In the records below, the lines between the one holding "و يتربع عمل" and the one holding "T3DM: Test-Time Training-Guided", inclusive, are to be transcribed exactly; no pictures are to be included.

## Records to process

******

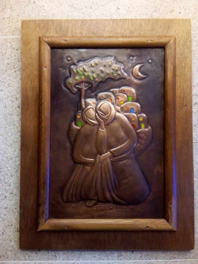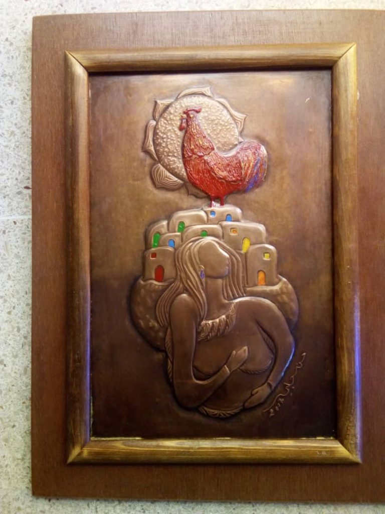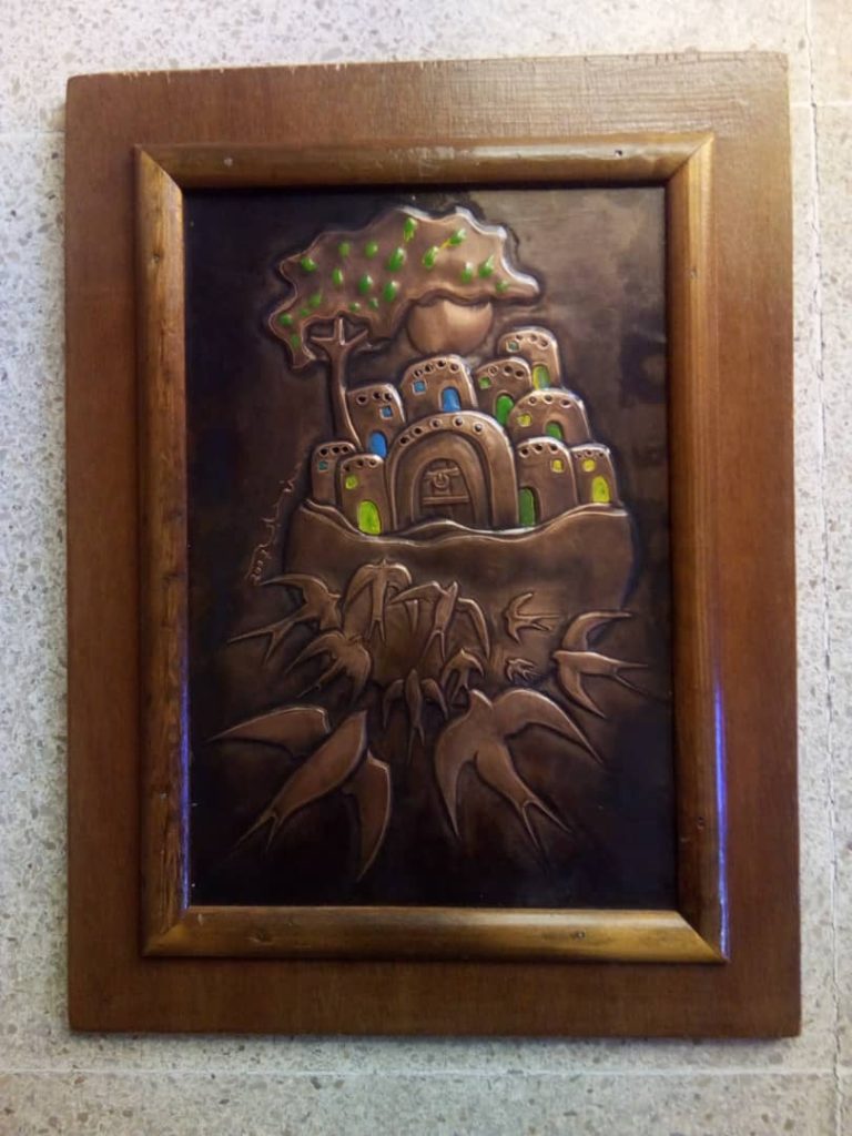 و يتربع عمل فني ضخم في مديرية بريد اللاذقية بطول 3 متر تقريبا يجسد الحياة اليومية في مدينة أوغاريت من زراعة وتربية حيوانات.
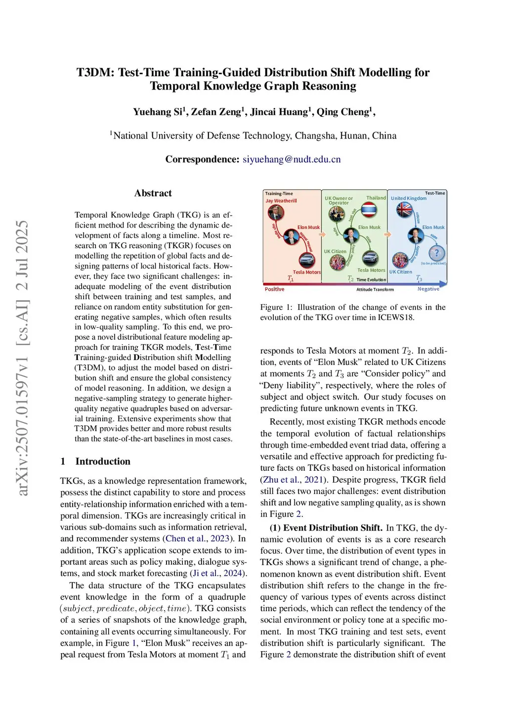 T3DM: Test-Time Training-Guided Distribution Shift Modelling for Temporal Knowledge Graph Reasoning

******

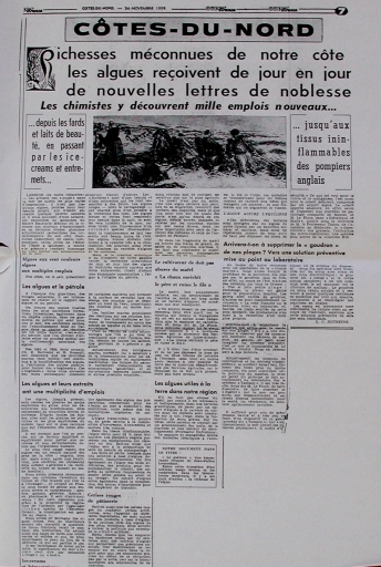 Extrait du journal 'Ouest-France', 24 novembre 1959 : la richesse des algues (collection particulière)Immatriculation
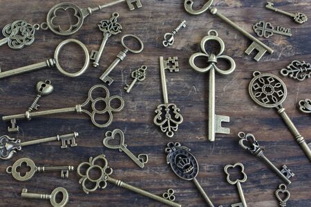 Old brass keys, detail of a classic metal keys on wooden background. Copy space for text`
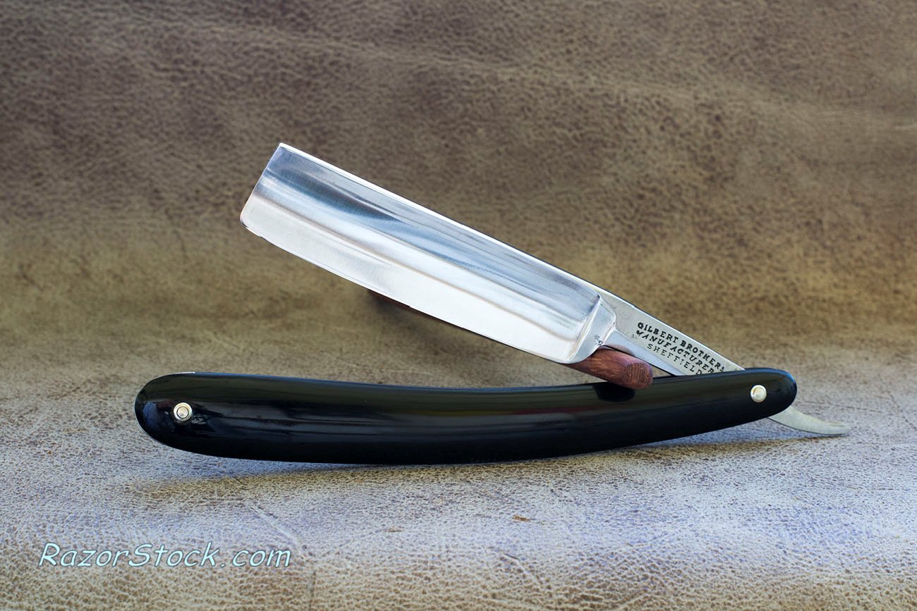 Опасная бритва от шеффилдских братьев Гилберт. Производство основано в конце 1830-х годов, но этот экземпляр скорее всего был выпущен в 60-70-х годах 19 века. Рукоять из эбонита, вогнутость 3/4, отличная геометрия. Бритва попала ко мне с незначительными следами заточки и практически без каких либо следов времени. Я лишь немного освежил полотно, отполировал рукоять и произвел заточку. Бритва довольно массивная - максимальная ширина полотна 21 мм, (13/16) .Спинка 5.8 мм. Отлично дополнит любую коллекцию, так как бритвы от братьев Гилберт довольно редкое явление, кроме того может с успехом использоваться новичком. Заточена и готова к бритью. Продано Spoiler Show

******

## Task solution
 و يتربع عمل فني ضخم في مديرية بريد اللاذقية بطول 3 متر تقريبا يجسد الحياة اليومية في مدينة أوغاريت من زراعة وتربية حيوانات.
 T3DM: Test-Time Training-Guided Distribution Shift Modelling for Temporal Knowledge Graph Reasoning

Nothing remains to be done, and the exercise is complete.